If we had some probability distribution P(X,Y) where X and Y are 2 random variables then we could determine from this the various marginal and conditional probabilities, like P(X | Y), for example. If X and Y are completely uncorrelated then we have that
P(X) = P(X | Y). In information terms we would say that information about Y gives us no information about X. If they were correlated so that
P(X | Y) ≠ P(X)
then knowledge of Y gives us some information about X.
In the Bell inequality set-up we have a slightly more complicated conditional probability - but it can be understood in exactly the same way we'd approach the more simple distribution for X and Y above.
So, for example, in the Bell case we might want to examine a conditional probability distribution
P(A | a, b)
and this means something like the "probability that the result A is some value given that the settings of the measuring instruments are a and b". It's certainly one that we can measure from actually performing the experiment.
So here we're assuming that there is some functional dependence on a and b. In a loose sense we might then say that the outcome at A 'knows' that the settings are a and b. More technically we might make the statement that knowledge of the settings at a and b gives us additional information about the probabilities of A.

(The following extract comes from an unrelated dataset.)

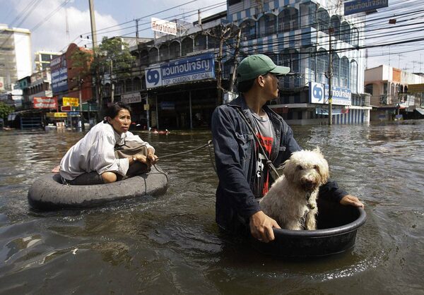 A Thai resident uses a makeshift float to keep his dog dry as he pulls a woman along flooded streets in Rangsit district on the outskirts of Bangkok, Thailand.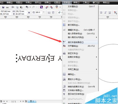 4、選中需要修改的文本-點菜單欄上的文本-選擇使文本適合的路徑。

If there were no such functional dependence on b, say, then we would write
P(A | a, b) = P(A | a)
This latter identification is, of course, a critical component of the Bell proof - it's the imposition of the locality condition. It's an assumption that says that the probability of the outcomes at A is not conditioned upon the settings at b. Expressed another way, we could say that knowledge of the settings at b confers no additional information pertinent to the results at A.
With this locality condition and the assumption of CFD then we can show that the probability functions we measure are constrained by the Bell inequality.
If we don't want them to be so constrained (i.e. have the possibility to violate the inequality) then at least one of these assumptions has to go. If we choose to retain CFD then we have to lose locality, if we want to have the possibility to break those constraints.